En choisissant la méthode par entretien pour parler d’intimité, de vie sexuelle et affective, je savais que j’allais entendre des récits de vie difficiles. Mais j’avais largement sous estimé l’ampleur et la répétition de ces récits, et leurs effets sur mon état psychique et émotionnel. C’est parce que cette recherche a une incidence particulière et précise sur qui je suis que j’utilise dans cette partie les premières personnes du singulier et pluriel, alors que l’écriture académique voudrait que j’opère une distance dans l’écriture. Mais il est ici question de parler de moi, et de cette porosité — souvent niée — entre la recherche et la chercheuse. Entre ma thèse et moi.

Mon premier entretien sera une entrée difficile dans le sujet des violences sexuelles et conjugales. Nous sommes à environ 30 minutes d’entretien quand je pousse l’enquêtée doucement à me parler de son intimité, lui assurant qu’elle peut, si elle le désire, partager son expérience. Sans me douter un seul instant qu’on s’apprête à parler de viol. Et pourtant, c’est à ma demande qu’elle lâchera la bombe.

Extrait d’entretien avec Ambre, mai 2017
Moi : Pourquoi c’était pas un type bien ?
Ambre : Heu… pour pleiiins de raisons … heu… je sais pas si je veux développer. Hum…
M : Comme tu le sens.
Ambre : c’était … en fait il m’a fait beaucoup de chantage affectif vers la fin de notre relation parce que il voulait pas qu’on… enfin il voulait pas rompre et moi je voulais parce que je me rendais compte qu’on était toxique l’un pour l’autre heu… et qu’on était en train de se détruire en fait et heu… il m’a violée à plusieurs reprises heu… et j’ai mis beaucoup de temps en fait à réaliser que c’était un viol et que c’était pas , ‘fin que c’était pas normal . Heu… et quand j’ai voulu rompre la première fois, il a pleuré et la deuxième fois j’ai réussi à rompre et il a essayé de se suicider. Voilà. C’était pas un type bien.
Moi : effectivement. Vu sous cet angle, c’était pas un type bien
Ambre : désolée si je te mets mal à l’aise en disant ça
M : nan nan nan pas du tout
Ambre : ‘fin je sais que, je sais que des fois quand je parle de ce genre de choses, enfin j’ai tendance à en parler sans trop de soucis, et j’ai l’impression de lâcher des bombes en fait quand j’en parle, parce que les gens me regardent genre « ah ouais ! »(rires) du coup, fin , c’était y’a longtemps maintenant donc … j’ai un peu plus de recul par rapport à ça qu’avant

À ce moment, mon trouble est perceptible. Mon rythme cardiaque s’est accéléré, j’essaye de contrôler la panique et la colère qui me submergent. J’aimerais arrêter l’entretien mais je ne peux pas. Elle me fait confiance, je dois lui montrer que je suis capable d’écouter et d’encaisser. Après tout, c’est moi qui gratte, qui lui demande de détailler, je suis précisément là pour qu’elle me parle de son intimité. Je sortirais sonnée de ces deux heures d’entretiens. Encore sous le choc de ces viols racontés de façon si banale, puis dans le détail dans la suite de l’entretien.
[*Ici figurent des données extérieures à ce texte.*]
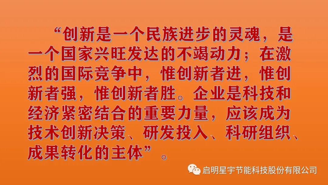 “創(chuàng)新是一個民族進(jìn)步的靈魂,是一個國家興旺發(fā)達(dá)的不竭動力;在激烈的國際競爭中,惟創(chuàng)新者進(jìn),惟創(chuàng)新者強(qiáng),惟創(chuàng)新者勝。企業(yè)是科技和經(jīng)濟(jì)緊密結(jié)合的重要力量,應(yīng)該成為技術(shù)創(chuàng)新決策、研發(fā)投入、科研組織、成果轉(zhuǎn)化的主體”。
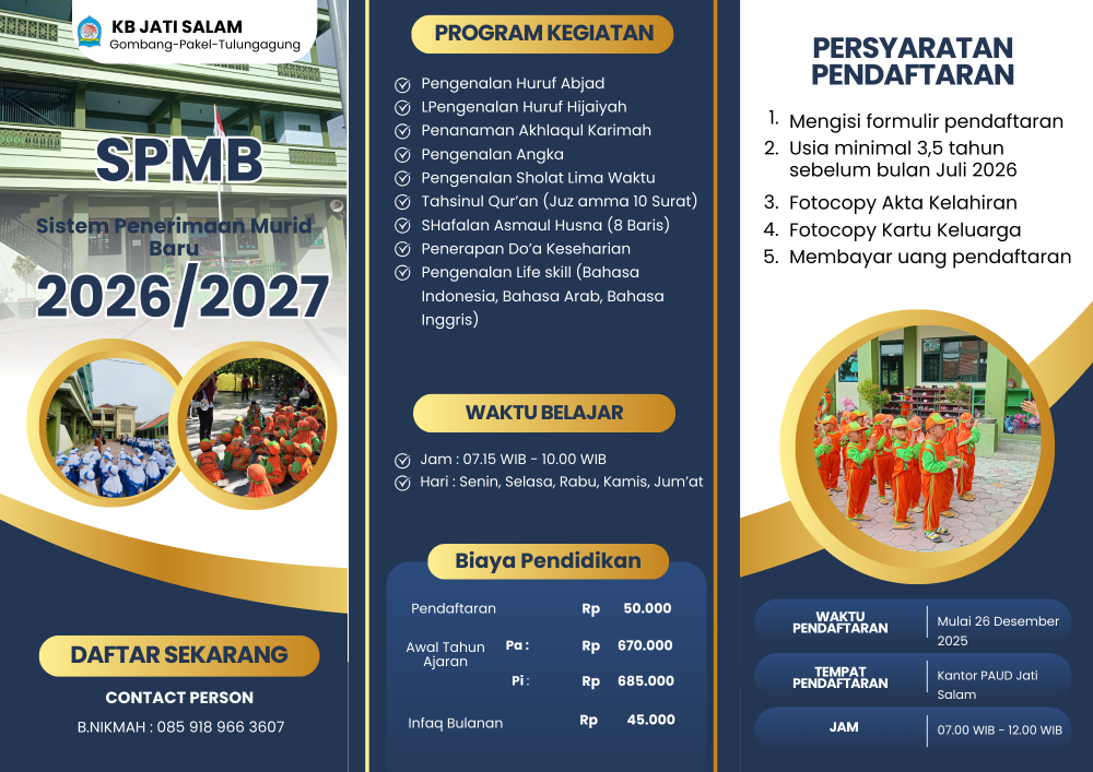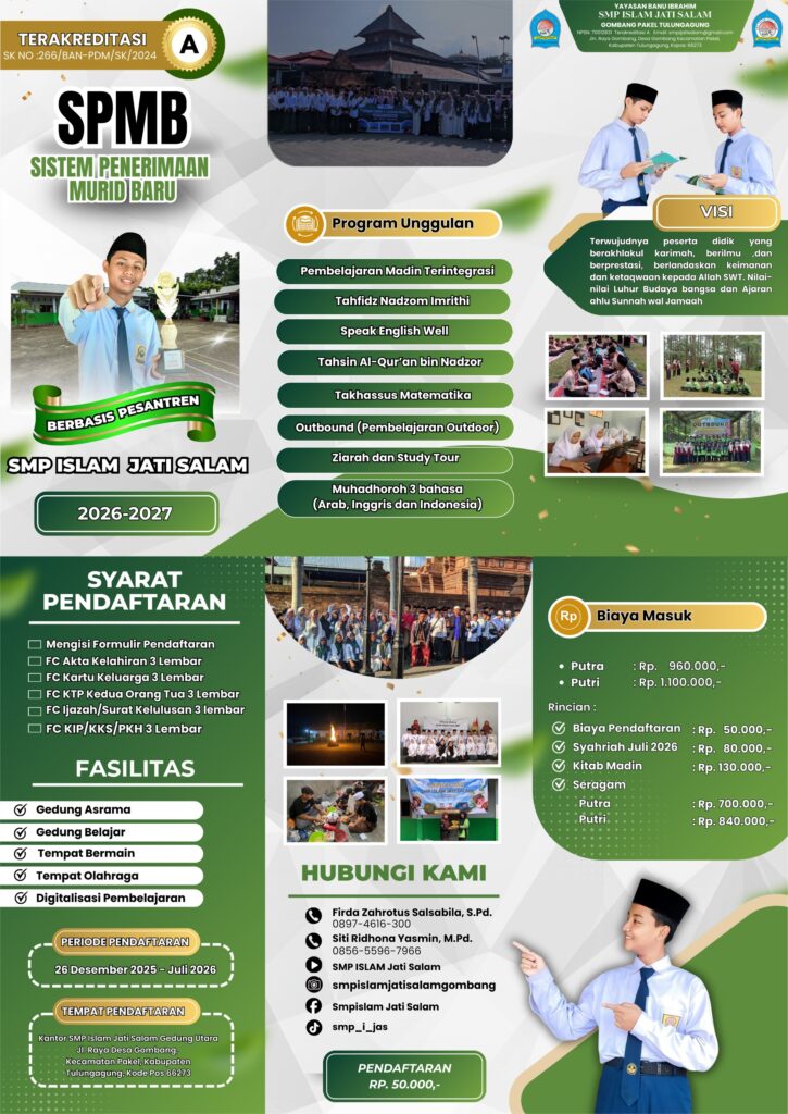 SPMB (Sistem Penerimaan Siswa Baru) Lembaga Pendidikan Islam Jati Salam dimulai pada tanggal 26 Desember 2025. Untuk Memudahkan Konsultasi dan Pendaftaran Silahkan menggunakan aplikasi Whatsapp

Journal de terrain, lendemain de l’entretien avec Ambre
Je suis encore bouleversée, au lendemain de cet entretien, d’avoir reçu la confidence d’un viol (plusieurs viols) de la part d’un ex amoureux. L’annonce a été dure à entendre, et surtout je ne pouvais pas demander à ce qu’on arrête l’entretien, il a fallu que je mette cette information de côté pour poursuivre.
Il faut pourtant que je m’y prépare : en entrant dans la vie intime de ces jeunes femmes, je m’expose aussi à entendre leurs agressions, violences et viols.

L’enfer des détails

Ce premier entretien me servira de mise en garde : elles seront nombreuses à me parler de violences et d’agressions sexuelles. Toutes. De façon plus ou moins violentes, choquantes. Tous mes entretiens aborderont les violences sexuelles : de l’inceste au viol en soirée, en passant par ces relations cédées auprès d’un partenaire amoureux parce qu’il insiste ou parce qu’il est gentil. Mais ce n’est qu’une partie du problème.

D’un entretien à l’autre, en les écoutant, les défrichant, les annotant, les compilant… ce sont les détails qui deviennent insupportables. Je constate des situations de domination et d’emprise dans des minuscules détails. Et dois me rendre à l’évidence : ce ne sont pas des détails, ce ne sont pas des zooms sur la violence. C’est une ouverture de focale sur un système. Organisé de telle sorte qu’il est pratiquement impossible d’y échapper en tant que fille, puis en tant que femme. De la phrase ‘anodine’ du père sexualisant sa fille, aux copains des parents commentant la puberté, à la sacralisation de l’amour par la mère, aux discours médiatiques et institutionnels… Toutes ces petites phrases insignifiantes et sans conséquences apparentes sur l’instant, sont de minuscules rouages offrant un terrain propice aux situations de domination.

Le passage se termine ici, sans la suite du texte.